### Problem requirements:
An exact copy of all the data below is needed, without its pictures.

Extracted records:

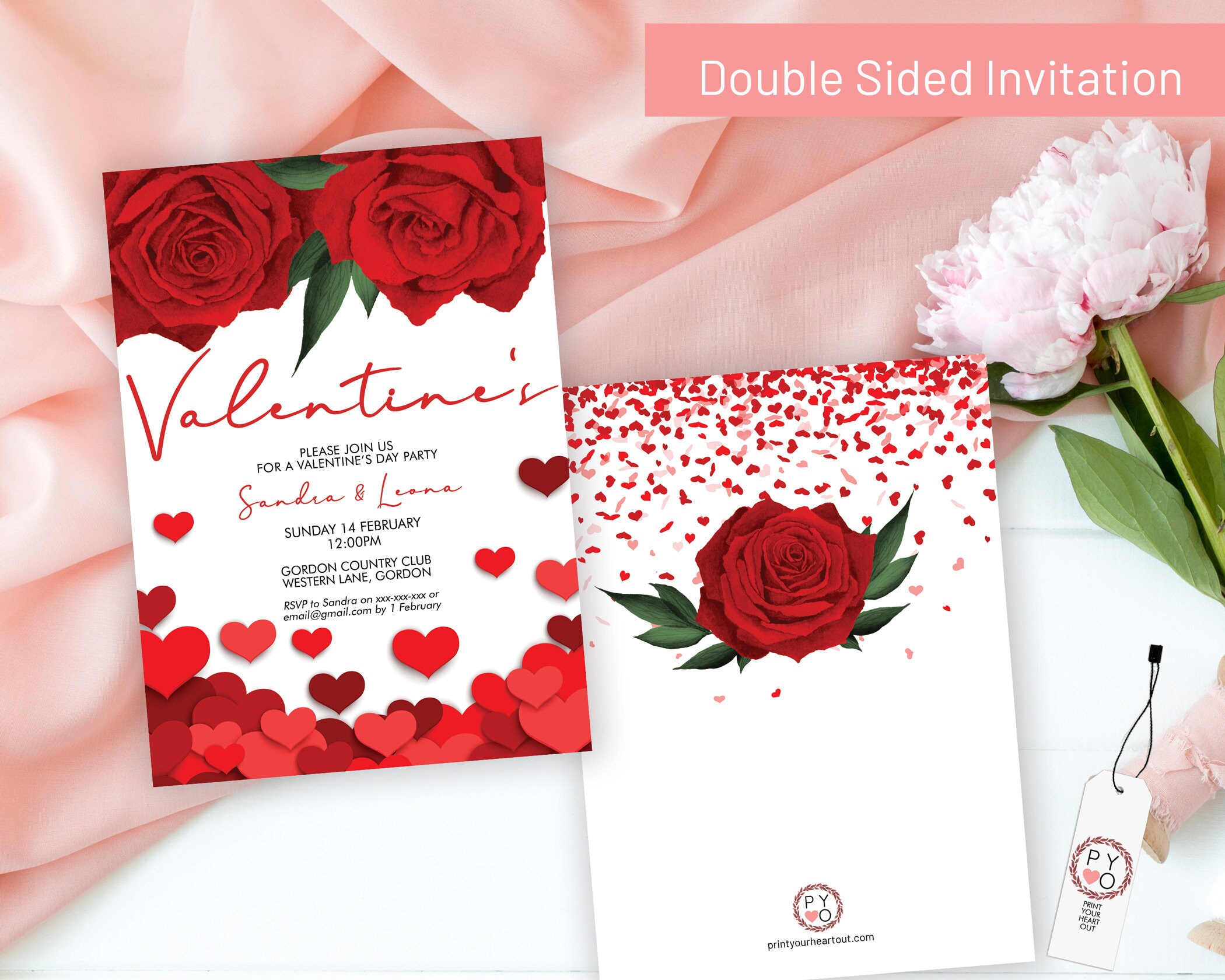 Red Roses Valentine's Day Party Invitation, Red Sweetheart Invitation, Romantic Floral Valentine Invite, Valentine Heart Flyer, Friend Party, Double Sided Invitation
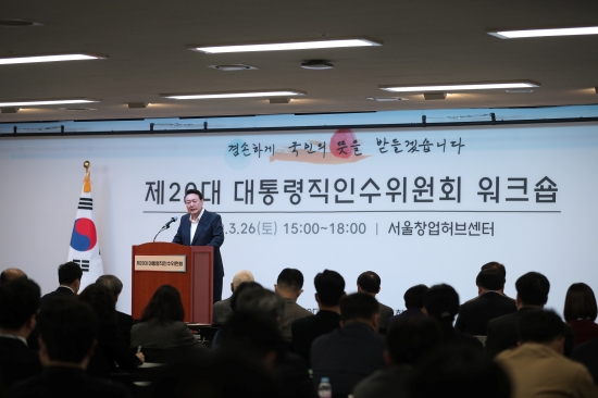 ¡ã ´ëÅë·ÉÁ÷¼öÀμöÀ§¿øÈ¸°¡ Ãâ¹ü 8ÀÏ ¸¸¿¡ º»°ÝÀûÀ¸·Î ±¹Á¤°úÁ¦¸¦ ³íÀÇÇϱâ À§ÇÑ Ã¹ ¿öÅ©¼óÀ» 26ÀÏ ¼¿ï ¸¶Æ÷±¸ ¼¿ïâ¾÷Çãºê ÄÁÆÛ·±½ºÈ¦¿¡¼ ¿¸° °¡¿îµ¥ À±¼®¿ ´ç¼±ÀÎÀÌ ±¹¹ÎÀǷʸ¦ Çϰí ÀÖ´Ù. ÀμöÀ§ Àü¿ø 180¿©¸íÀÌ Ã³À½À¸·Î ÇÑÀÚ¸®¿¡ ¸ðÀÎ À̳¯ À±¼®¿ ´ç¼±ÀÎÀº ¡°Á¦ÀÏ Áß¿äÇÑ °Ç °æÁ¦¡±¶ó°í ´çºÎÇÏ¸é¼ ±¹Á¤°úÁ¦ ¼±Á¤ ±âÁØÀ¸·Î´Â ¡®½Ç¿ëÁÖÀÇ¡¯¿Í ¡®±¹¹ÎÀÇ ÀÌÀÍ¡¯À» Á¦½ÃÇß´Ù. [±¹¹ÎÀÇÈû] ¨Ï½ºÄ«À̵¥Àϸ®
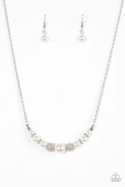 Encrusted in glassy white rhinestones, sparkling silver beads and pearly white beads are threaded along a wire, creating a refined pendant below the collar. Features an adjustable clasp closure.
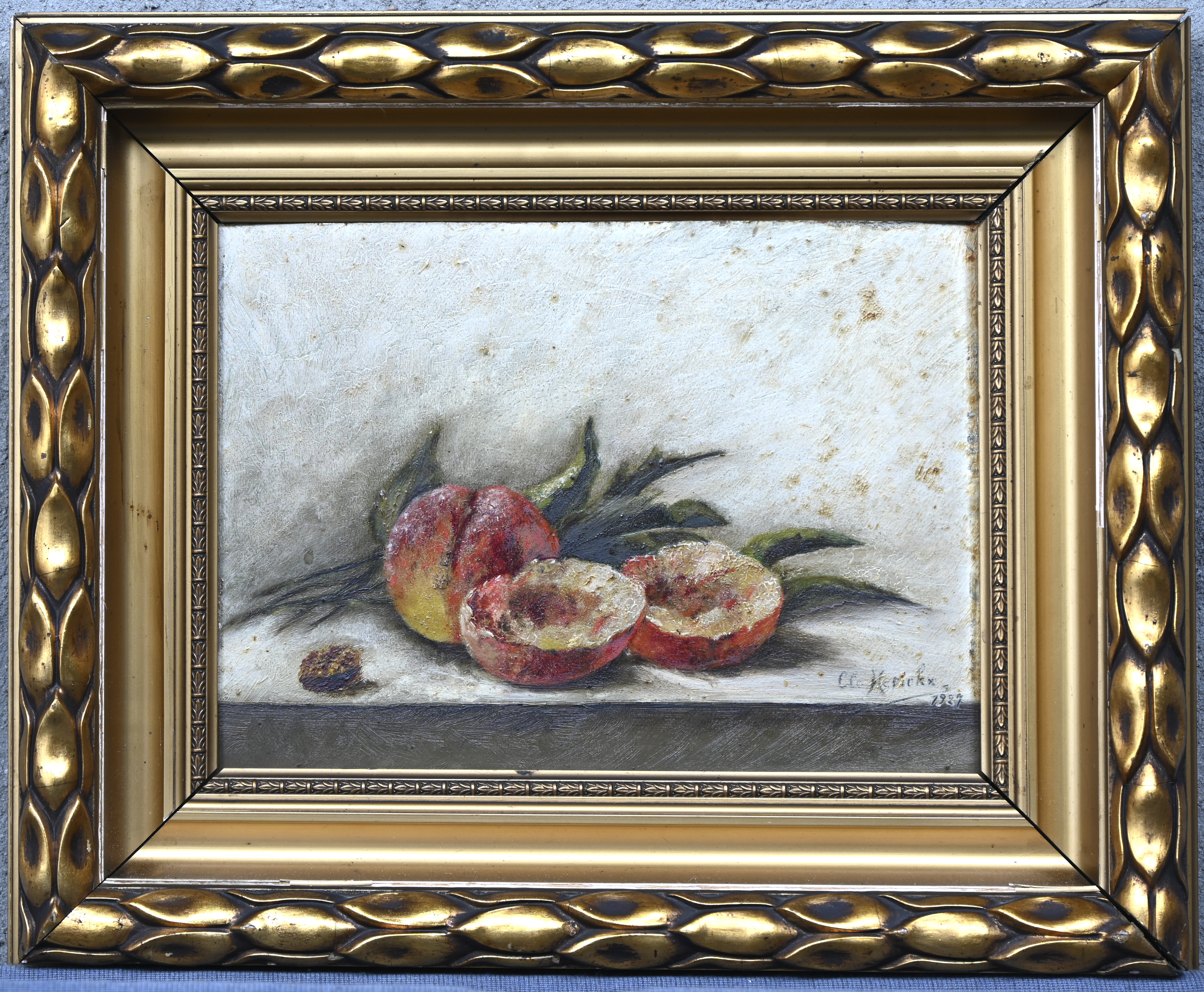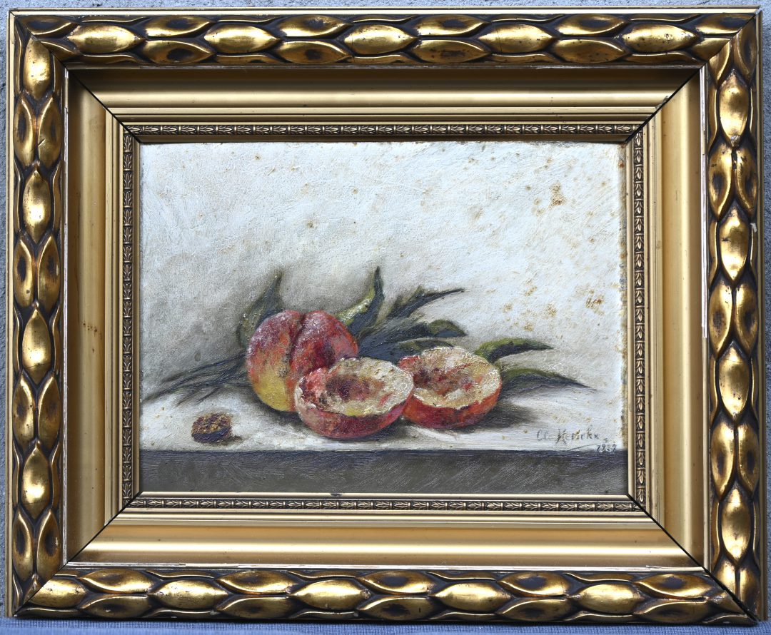 "Still life with jug and fruit". A painting, oil on panel, signed by Arens. Accompanied by a book about the life and work of the artist. -
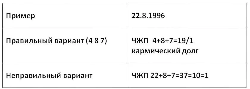 Как видите, для даты 29.1.1982 в неправильном варианте расчета появилось число кармического долга 14.

### Expected answer:
 Red Roses Valentine's Day Party Invitation, Red Sweetheart Invitation, Romantic Floral Valentine Invite, Valentine Heart Flyer, Friend Party, Double Sided Invitation
 ¡ã ´ëÅë·ÉÁ÷¼öÀμöÀ§¿øÈ¸°¡ Ãâ¹ü 8ÀÏ ¸¸¿¡ º»°ÝÀûÀ¸·Î ±¹Á¤°úÁ¦¸¦ ³íÀÇÇϱâ À§ÇÑ Ã¹ ¿öÅ©¼óÀ» 26ÀÏ ¼¿ï ¸¶Æ÷±¸ ¼¿ïâ¾÷Çãºê ÄÁÆÛ·±½ºÈ¦¿¡¼ ¿¸° °¡¿îµ¥ À±¼®¿ ´ç¼±ÀÎÀÌ ±¹¹ÎÀǷʸ¦ Çϰí ÀÖ´Ù. ÀμöÀ§ Àü¿ø 180¿©¸íÀÌ Ã³À½À¸·Î ÇÑÀÚ¸®¿¡ ¸ðÀÎ À̳¯ À±¼®¿ ´ç¼±ÀÎÀº ¡°Á¦ÀÏ Áß¿äÇÑ °Ç °æÁ¦¡±¶ó°í ´çºÎÇÏ¸é¼ ±¹Á¤°úÁ¦ ¼±Á¤ ±âÁØÀ¸·Î´Â ¡®½Ç¿ëÁÖÀÇ¡¯¿Í ¡®±¹¹ÎÀÇ ÀÌÀÍ¡¯À» Á¦½ÃÇß´Ù. [±¹¹ÎÀÇÈû] ¨Ï½ºÄ«À̵¥Àϸ®
 Encrusted in glassy white rhinestones, sparkling silver beads and pearly white beads are threaded along a wire, creating a refined pendant below the collar. Features an adjustable clasp closure.
 "Still life with jug and fruit". A painting, oil on panel, signed by Arens. Accompanied by a book about the life and work of the artist. -
 Как видите, для даты 29.1.1982 в неправильном варианте расчета появилось число кармического долга 14.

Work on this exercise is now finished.